Agnaldo Farias is an independent curator and professor at the Faculdade de Arquitetura e Urbanismo da Universidade de São Paulo (FAU-USP). His first published art criticism dates to the 1980s, and with the passage of time, he became a key interpreter of contemporary Brazilian art. In the 1990s, he was the curator at Museu de Arte Moderna do Rio de Janeiro (MAM-Rio), later serving as curator of the art selected to represent Brazil at the Twenty-Fifth São Paulo Biennial. Subsequently, he was chief curator for the exhibition Bienal 50 anos (2001). He is the author of an array of books, such as The Piano Factory (on the work of the painter Daniel Senise), Arte Brasileira Hoje (2002), and a monograph entitled Amelia Toledo: as naturezas do artifício (2004).

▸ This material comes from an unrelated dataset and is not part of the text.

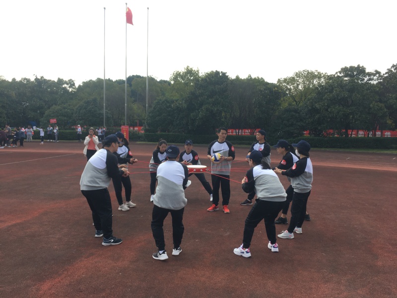 本次团队拓展活动设有一鼓作气、环环相扣、绳舞飞扬、陆地冰壶、力拔山河五个项目。我院辅导员代表队赛前精心准备,多次训练,比赛时团结协作、奋勇争先。“一鼓作气”项目中,大家牢牢抓住之前训练的技术要领,心有灵犀、配合默契,坚持到最后一秒,取得了令人可喜的小组第二名的好成绩。“环环相扣”项目中辅导员手牵着手、互相配合、彼此鼓励,取得了1分零6秒的好成绩。“绳舞飞扬”这项活动中,很多老师克服心理的障碍,顺利地完成了整个过程,取得了小组第二名的佳绩“陆地冰壶”项目中,几位老师连连射中9环、10环,使得比赛高潮迭起。在“力拔山河”项目中,学院党委副书记刘丽也成为拔河队伍中的主力军,学工部部长毛燕静带领观战的老师们在旁边加油助威,大家齐心协力、奋力拼搏,经过三轮较量,成功进入半决赛。
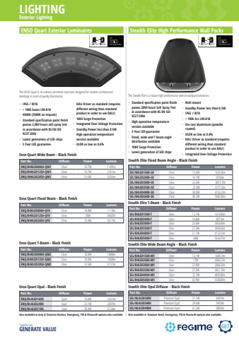 607LIGHTINGTogether we GENERATE VALUEasd lightingENSO Quart Exterior LuminairesPart No. Diff user Power LumensENQ/B4KLED0840-QM1 Clear 10.7W 1149lmENQ/B4KLED1250-QM1 Clear 19.7W 2101lmENQ/B4KLED2050-QM1 Clear 31.6W 3576lmExterior Lighting%u2022 IP65 / IK10.%u2022 > 100k hours L90-B10%u2022 4000K (3000K on request)%u2022 Standard specification paint finish passes 2,000 hours salt spray test in accordance with BS EN ISO 9227:2006%u2022 Latest generation of LED chips%u2022 5 Year LED guarantee%u2022 DALI Driver as standard (requires different wiring than standard product in order to use DALI)%u2022 10KV Surge Protection%u2022 Integrated Over Voltage Protection%u2022 Standby Power less than 0.5W%u2022 High operation temperature version available%u2022 ULOR as low as 0.6%Stealth Elite High Performance Wall PacksEnso Quart Wide Beam - Black FinishThe ENSO Quart is an exterior perimeter luminaire designed for modern architectural buildings in need of quality illuminance.Part No. Diff user Power LumensENQ/B4KLED0840-QF0 Clear 10.8W 1114lmENQ/B4KLED1250-QF0 Clear 20W 2042lmENQ/B4KLED2050-QF0 Clear 31.6W 3417lmEnso Quart Flood Beam - Black FinishPart No. Diff user Power LumensENQ/B4KLED0840-QM2 Clear 10.8W 1008lmENQ/B4KLED1250-QM2 Clear 19.8W 1838lmENQ/B4KLED2050-QM2 Clear 31.5W 3151lmEnso Quart T-Beam - Black FinishPart No. Diff user Power LumensENQ/BL4LED1600 Opal 15.6W 1631lmENQ/BL4LED2400 Opal 22.7W 2397lmENQ/BL4LED3100 Opal 29.9W 3124lmEnso Quart Opal - Black FinishAlso available in Grey & Titanium fi nishes. Emergency, PIR & Photocell options also available.Part No. Diff user Power LumensSEL/B4LED1500-S0 Clear 13.4W 1633.8lmSEL/B4LED2000-S0 Clear 16.7W 2076lmSEL/B4LED3000-S0 Clear 22.6W 3073.7lmSEL/B4LED3500-S0 Clear 27.4W 3717.3lmSEL/B4LED4000-S0 Clear 30.9W 4152.2lmSEL/B4LED5000-S0 Clear 44.2W 5687.8lm%u2022 Standard specification paint finish passes 2000 hours Salt Spray Test in accordance with BS EN ISO 9227:2006%u2022 High operation temperature version available%u2022 5 Year LED guarantee%u2022 Flood, wide and T beam angle distribution available%u2022 10KV Surge Protection%u2022 Latest generation of LED chips%u2022 Wall mount%u2022 Standby Power less than 0.5W%u2022 IP65 / IK10%u2022 > 100k hrs L90-B10%u2022 Die cast aluminium (powder coated)%u2022 ULOR as low as 0.6%%u2022 DALI Driver as standard (requires different wiring than standard product in order to use DALI)%u2022 Integrated Over Voltage ProtectionStealth Elite Flood Beam Angle - Black FinishThe Stealth Elite is a robust high performance exterior wallpack luminaire.Stealth Elite Wide Beam Angle - Black FinishPart No. Diff user Power LumensSEL/BL4LED2000 Premium Opal 21.1W 2081lmSEL/BL4LED3000 Premium Opal 29.6W 2903lmSEL/BL4LED4000 Premium Opal 41.3W 3883lmStealth Elite Opal Diff user - Black FinishPart No. Diff user Power LumensSEL/B4LED1500-T Clear 13.1W 1619.8lmSEL/B4LED2000-T Clear 16.8W 2071lmSEL/B4LED3000-T Clear 22.6W 3050.8lmSEL/B4LED3500-T Clear 27.3W 3694.6lmSEL/B4LED4000-T Clear 31.1W 4133.1lmSEL/B4LED5000-T Clear 44W 5634.7lmStealth Elite T-Beam - Black FinishAlso available in Titanium fi nish. Emergency, PIR & Photocell options also available.Part No. Diff user Power LumensSEL/B4LED1500-M1 Clear 13.1W 1609.7lmSEL/B4LED2000-M1 Clear 17W 2064.1lmSEL/B4LED3000-M1 Clear 22.8W 3006.5lmSEL/B4LED3500-M1 Clear 27.3W 3651.7lmSEL/B4LED4000-M1 Clear 31.2W 4093.8lmSEL/B4LED5000-M1 Clear 43.9W 5548.8lm

The Exhibition Universalis was part of the twenty-third biennial (1996), whose chief curator was historian and art critic Nelson Aguilar, with Farias as his cocurator. This exhibition revolved around the theme of the “dematerialization of art” in the final years of the millennium.
This was a matter that drew international interest with the book published jointly by Lucy R. Lippard and John Chandler, Six Years: The Dematerialization of the Art Object from 1966 to 1972, a Cross-Reference Book of Information on Some Esthetic Boundaries (New York: Praeger, 1973). The book characterizes the period that covers the initial questioning of object art by the Conceptual art movement that followed it. What actually happened was that without revealing her sources, Lippard traveled to Buenos Aires, where she became aware of a theoretical lecture by Oscar Masotta “Después del Pop, nosotros desmaterializamos” (July 21, 1967, at the Instituto Di Tela). She also learned of its implementation in the first Argentinean approaches: Un arte de los medios de comunicación (1966) [doc. no. 750362], El mensaje fantasma and Tucumán Arde (both in 1968). Regarding Tucumán Arde, see [doc. nos. 766316, 751376, 750506].